Nutrition is so complicated. This article covers the basics on protein as a reference when you find you need a review.
This article covers what proteins do, how your body puts protein to use, how much protein you should have every day, and quality plant sources to incorporate into your diet on a regular basis so you don’t have to think to hard about it.
First, understand that it is proteins that form our physical structure. Second, proteins form the signaling mechanisms that animate your physical structure.
What Proteins Do
1. Proteins provide structure to all the body tissue, bony and soft, forming the cytoskeletal elements that are the lattice for our physical form, like the filaments you see in fiberglass or rice paper. Proteins also make up the contractile components of the body tissue, allowing a certain amount of “give” to our bones, muscles, skin, hair, and nails.
2. Cell-to-cell signaling is necessary to make the metabolic process of your body hum along smoothly, and these regulating components are all made of protein. Receptors on the surface of the cell act as the launching and landing pads for neurotransmitters and hormones, antigens secure immunity, channels transport materials in and out of cells, and enzymes break up these connections so that the metabolic processes can continue to move forward in an orderly way.

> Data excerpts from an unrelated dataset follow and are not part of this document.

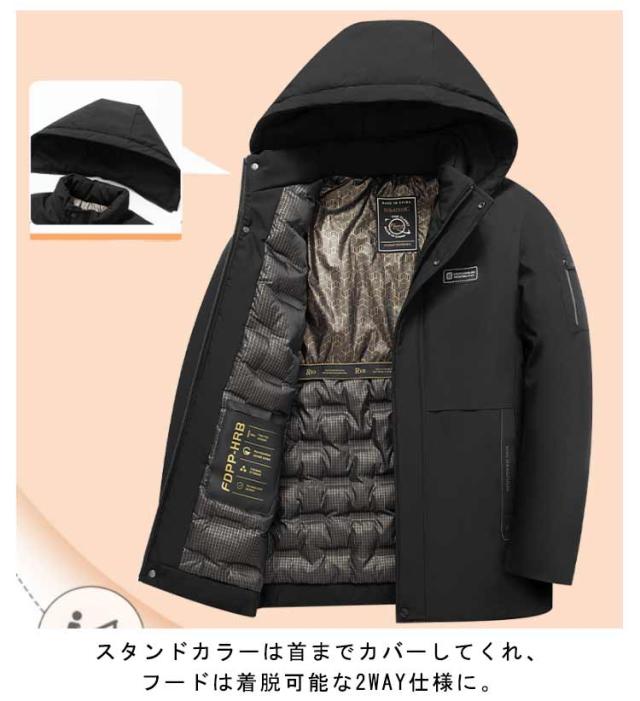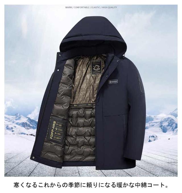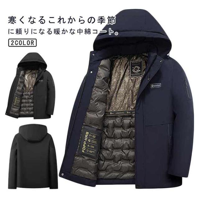 フード付き 中綿コート 中綿コート 厚手 お年寄り ロングコート ブルゾン アウター ボアジャケット ビジネス ジャンパー 防寒 防風 メンズ 秋冬 暖かい 軽量 無地 ボリュームネック フード脱着 ゆったり カジュアル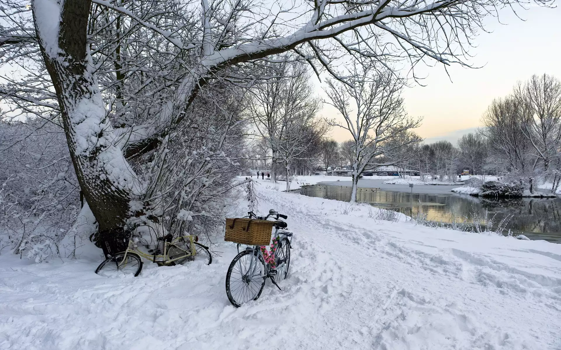 Park, Rowery, Śnieg, Rzeka na Komórkę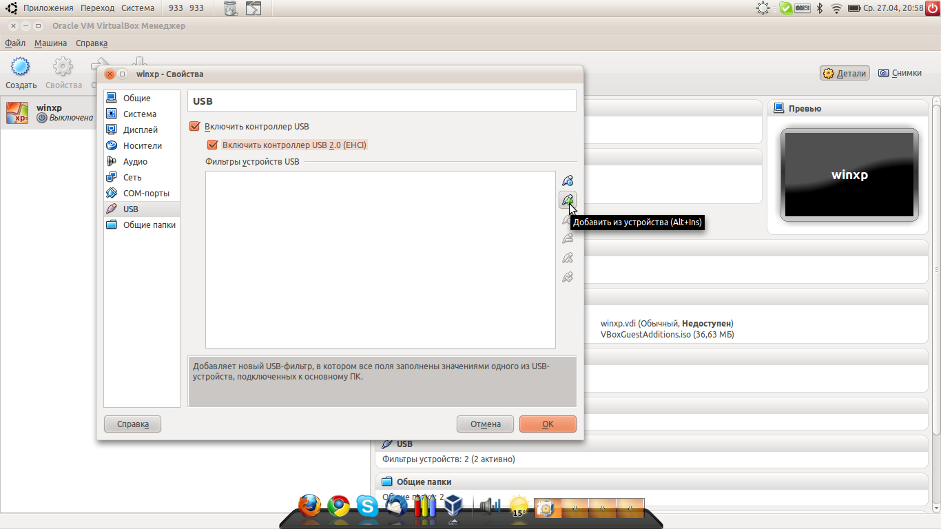 Теперь нужно настроить Virtual Box так, чтобы она пропускала подключение по USB-порту в Windows XP. Для этого заходим в свойства виртуальной машины, выбираем раздел USB и ставим галочку «Включить контроллер USB».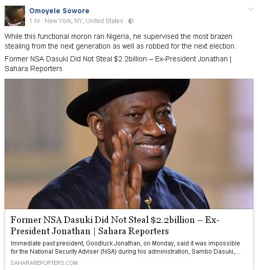 Omoyele Sowore reacted to Goodluck Jonathan’s statement that ”Dasuki did not steal $2.2 billion”.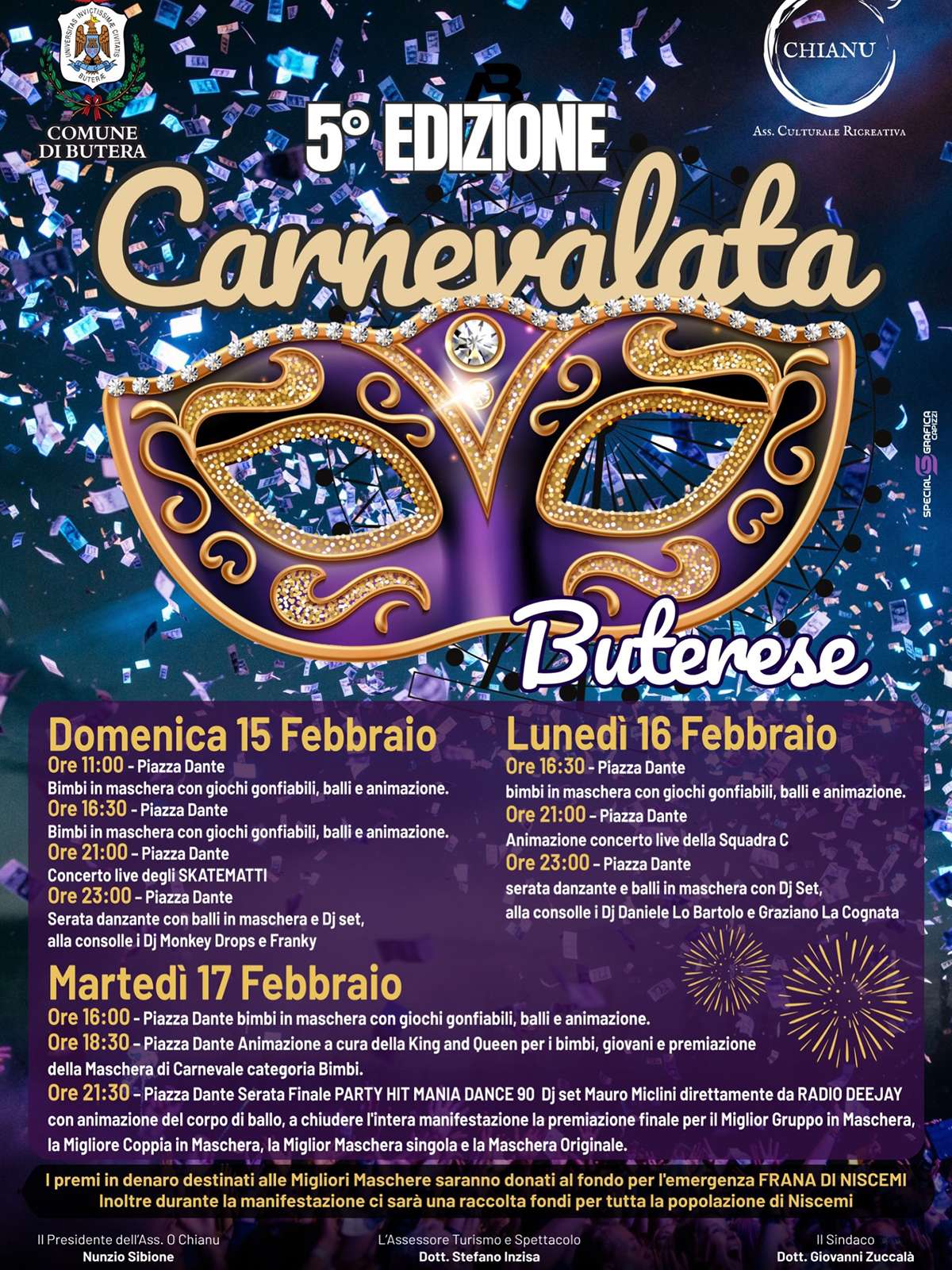Un elemento caratteristico del Carnevale buterese è il concorso che premia le maschere più belle e originali. Questo concorso non è solo una competizione, ma anche una celebrazione della creatività e dell’immaginazione. Al Carnevale di Butera vengono premiati il miglior gruppo in maschera, la migliore coppia in maschera, la maschera più originale e la migliore maschera singola, valorizzando la creatività e stimolando la partecipazione entusiasta di tutti i concorrenti. Quest’anno, i premi assegnati alle migliori maschere saranno devoluti al fondo per l’emergenza frana di Niscemi e, nel corso della manifestazione, sarà organizzata anche una raccolta fondi solidale a sostegno della popolazione di Niscemi, trasformando la festa in un momento di condivisione e concreta solidarietà.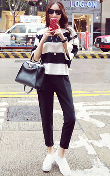 黑白横条纹短款休闲针织衫,宽松的版型,面料舒适柔软薄厚适中,搭配一条黑色休闲裤,显瘦又遮肉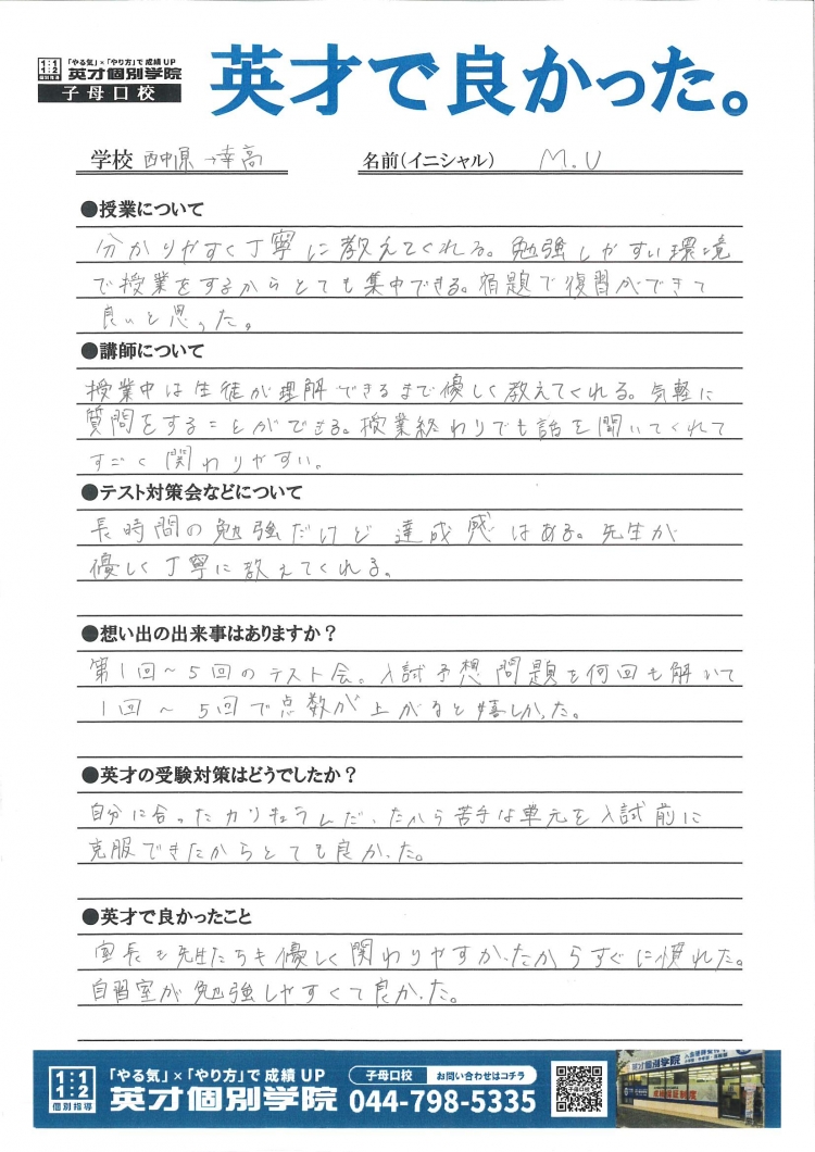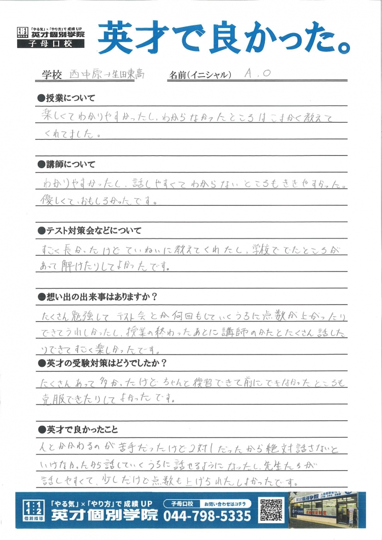 英才個別学院 子母口校で入試を送った生徒に感想を聞きましたので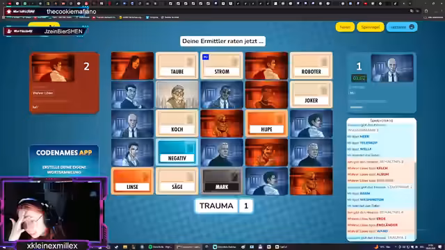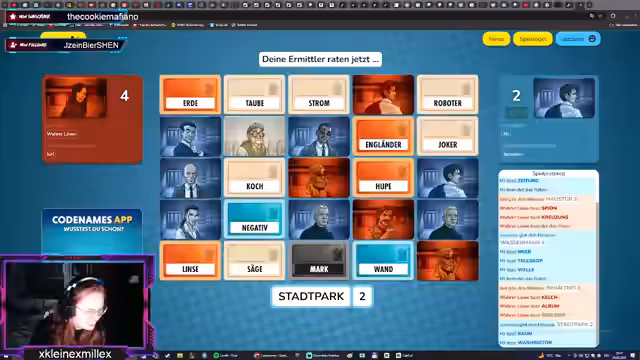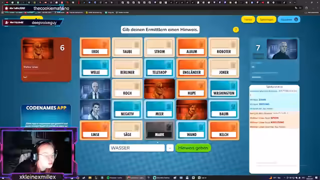02:57:24Ein Großteil des Streams ist der Interaktion mit dem Spiel 'Codenames' gewidmet. Die Spieler diskutieren intensiv über die gegebenen Hinwörter und mögliche Lösungen. Es kommt zu humorvollen Verwirrungen, wenn Wörter wie 'Teehaus', 'Kavallerie' oder 'Eier lecken' falsch interpretiert werden und der Schatzsucher um die Ecke denken muss. Dennoch gelingt es der Runde durch Kreativität und oft absurde Kombinationen, die Begriffe zu erraten und Punkte zu sammeln.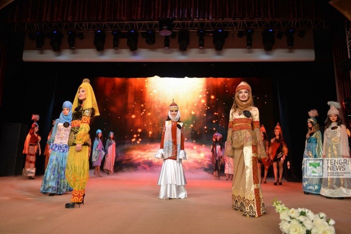 Второй этап конкурса - выход в национальных костюмах. Традиционные костюмы в этом году выглядели немного иначе, с намеком на арт-хаус. Музыкальное сопровождение также было соответствующее - казахские кюи в диджейской обработке.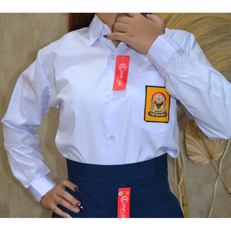 DIVA LEE Baju Putih Seragam Sekolah SMP Pria Wanita Lengan Panjang Bahan Oxford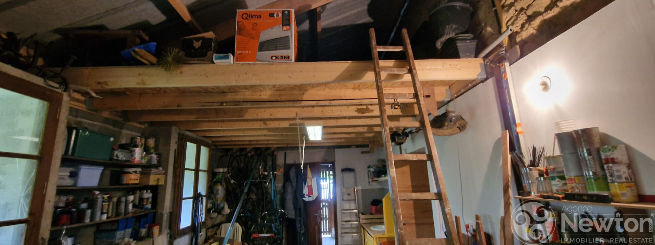 La cuisine équipée, avec buanderie et rangements séparés, est attenante au séjour et une cloison vitrée préserve la luminosité naturelle. Une salle de bains et une chambre complètent cet espace bien agencé, avec un accès facile à l'atelier et au garage.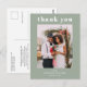 Modern Wedding Photo Thank You Sage Green Postcard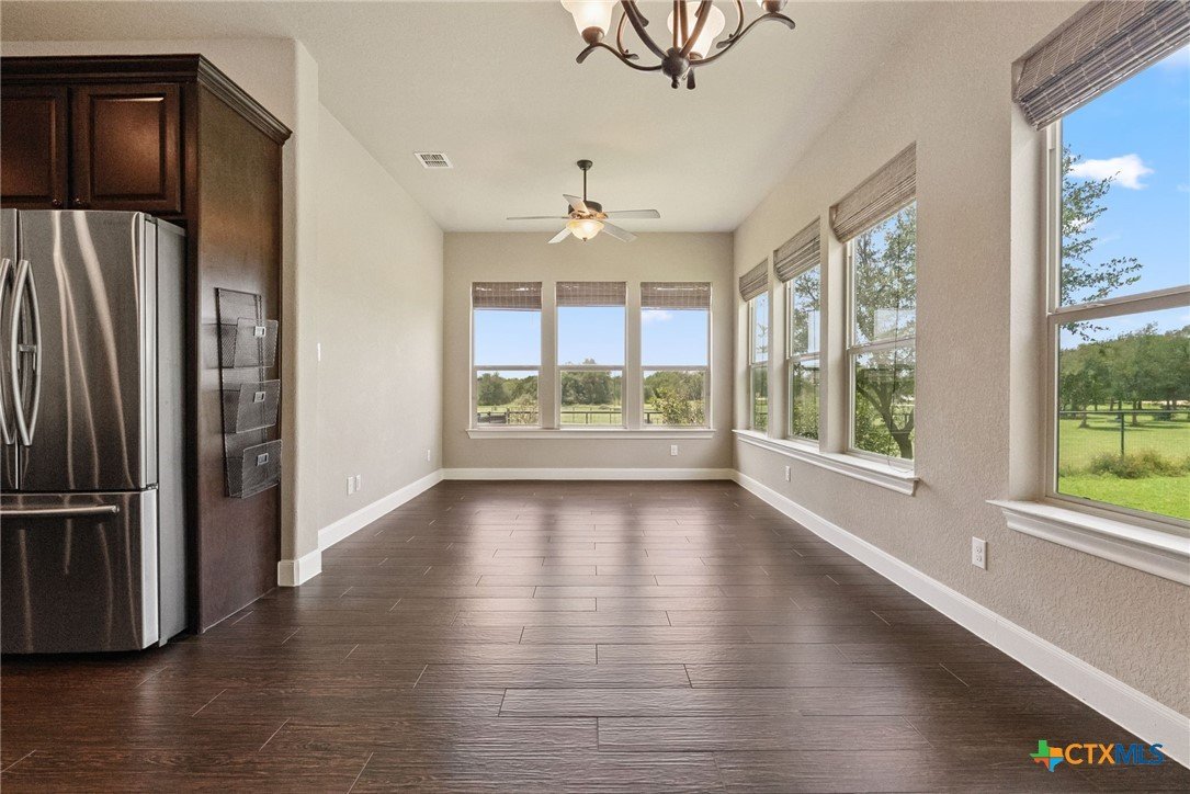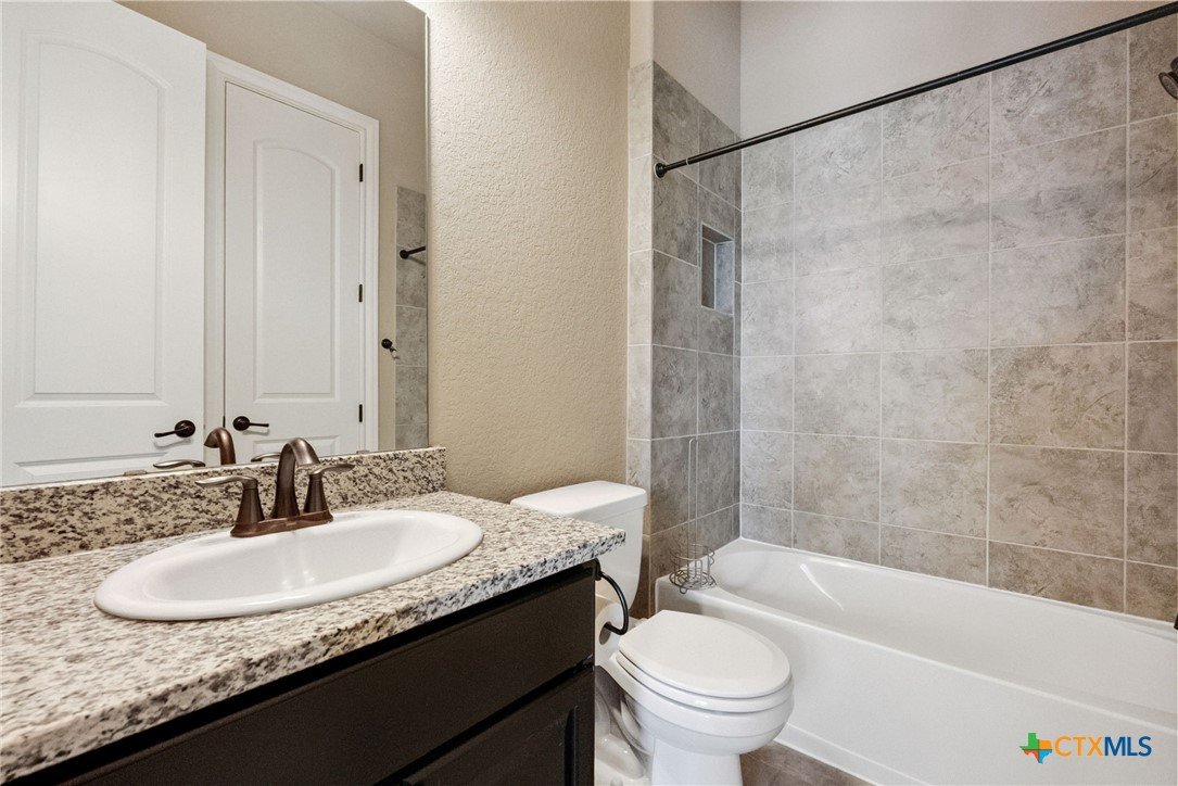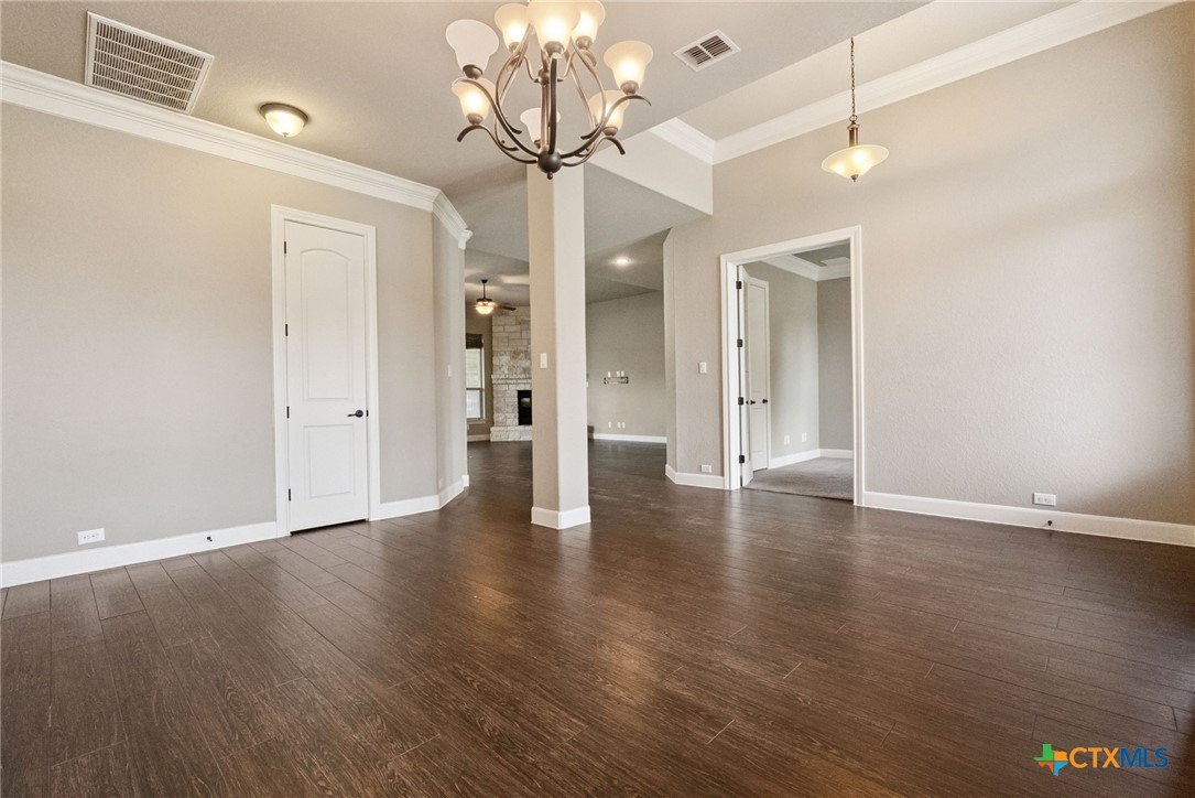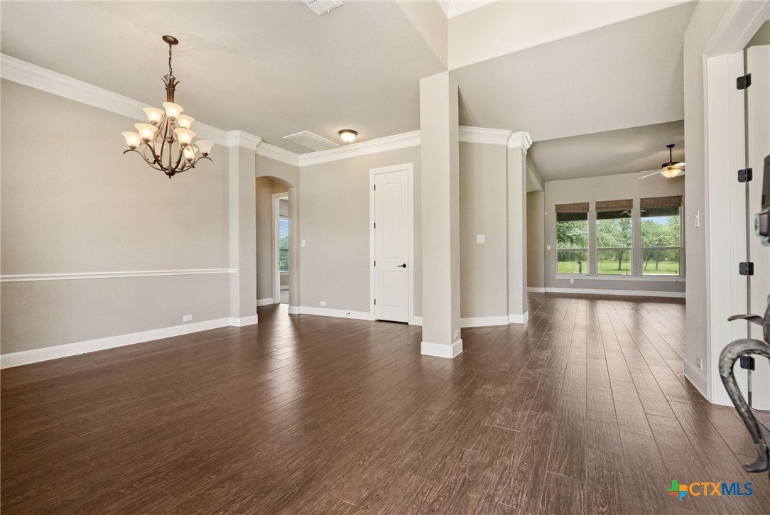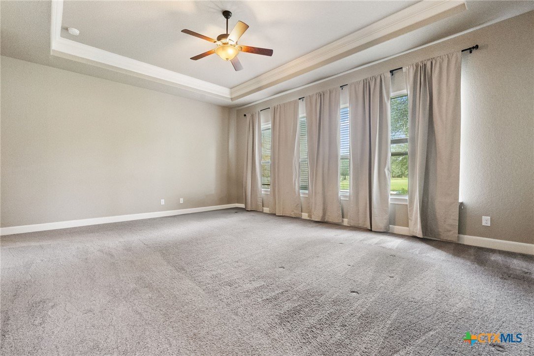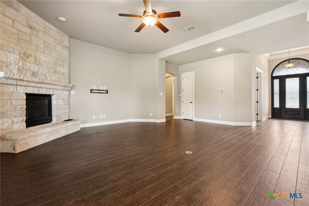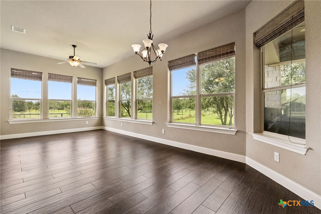 Welcome to your private Texas retreat! This beautifully designed 4-bedroom, 4-bathroom custom home sits at the end of a quiet cul-de-sac on a gated 1.7-acre lot, offering privacy, luxury, and space to entertain both inside and out. A grand circular driveway leads you to the stone and stucco exterior, surrounded by mature trees and well-kept landscaping. Inside, the home features tall ceilings, crown molding, and rich wood-look tile floors throughout the main living areas. The open-concept layout includes a spacious living room with a stone fireplace and large windows overlooking the backyard. The gourmet kitchen is a dream for any chef, complete with granite countertops, dark custom cabinetry, stainless steel appliances, a gas cooktop, and a large island perfect for gatherings. Just off the kitchen, the sun-drenched breakfast area offers peaceful views of the backyard, while the formal dining room adds a touch of elegance for entertaining guests. The primary suite is a true escape, featuring a large bedroom with soft natural light and a spa-inspired bathroom with dual vanities, a soaking tub, a walk-in shower, and plenty of storage. Each of the additional bedrooms is generously sized, and the layout includes a private study, ideal for working from home. Step outside to enjoy your own backyard oasis. The covered patio features a full outdoor kitchen and fireplace, perfect for entertaining year-round. Cool off in the sparkling in-ground pool or relax under the trees while enjoying the peaceful greenbelt view behind the home. This property blends upscale finishes, thoughtful design, and outdoor living in one incredible package. It’s not just a home—it’s a lifestyle!

Protein is the most abundant component in our bodies. We need to consume an adequate supply through our diet, but not too much, because our bodies can only process and utilize so much. If you eat more than you need in a day, your body will convert it to fat.
Food sources of protein are diverse and plentiful. Needs vary depending on age, gender, and activity level, so it’s important to find how much it right for you.
Protein Digestion, Assimilation, and Synthesis
Protein digestion starts in the stomach, where the enzyme pepsin breaks down into shorter chains of amino acids. Next, the pancreas releases the enzyme trypsin, which breaks the amino acids down further, and with the aid of several additional enzymes, the protein is finally broken down into single amino acids. In the small intestine the amino acids are absorbed in the blood capillaries of the small intestine’s villi, to travel in the bloodstream to the liver, which synthesizes amino acids into many proteins.
Just like fats are made up of fatty acids, so too do proteins have their building blocks, the amino acids. The primary structure of a protein is a string of amino acids, forming a peptide chain. Through a complicated process of chemical and electrical bonding, amino acids form the secondary, tertiary, and quaternary structures that compose all of our tissue, as well as the signaling molecules and the mechanisms that facilitate this communication.
The human body can produce most amino acids form the break down products of digestion, but it cannot make 9 of the 20 known amino acids, and all 20 are needed to form a complete protein. These 9 are referred to as “the essential amino acids.”
Animal products are complete proteins, and plant products are not, but when combined with other plant proteins, the body puts them together within a 24-hour period to make them into a complete protein. The key take-away for vegetarians is to eat a variety of foods daily so the body will have steady supply of amino acids for its protein assembly process.
Your kidneys and liver will be overworked if you consume more protein than you need. The body reacts to too much protein by either shedding it through the excretory process or as mentioned above, converting it to fat.
It’s not easy to get a straight answer on protein requirements, because they vary with age, gender, and lifestyle habits. Further, as practitioners of eastern medicine utilizing Chinese dietary recommendations, we might outline a ratio of protein consumption that is greater or lesser, depending on your constitution and health needs at the moment.
Begin by figuring out your caloric needs in a day, then get a minimum of 10% and a maximum of 35% of calories from protein sources. It has been proven through research studies that protein will increase satiety, so if you can include some in each meal this will help with weight maintenance, if that is of concern to you.
Plant Food Sources
Beans, grains, nuts, seeds, legumes, vegetables and fruit all have amino acids, and some have complete proteins. Better yet, you’ll be getting a hefty dose of anti-oxidants along with your protein at the same time. Here’s a sampling of protein amounts to give you a general idea that protein abounds across the food spectrum:
Split peas, cooked 1 cup: 16 g
Black beans, cooked 1 cup: 15 g
Couscous, uncooked 1cup: 22 g
Barley, pearled, uncooked 1 cup: 10 g
Wheat flour, whole grain, uncooked 1 cup: 16 g
Brussel sprouts, cooked 1 cup: 4 g
Beets, cooked 1 cup: 3 g
Kale, steamed 1 cup: 3g
Potato, baked: 3 g
Blueberries, 1 cup: 2 g
Knowing that plants, especially beans and legumes, contain protein may help lighten the need to eat some animal source out of concern for getting enough protein. Now that you understand the basics you can be more mindful about why it’s important to get adequate amounts daily.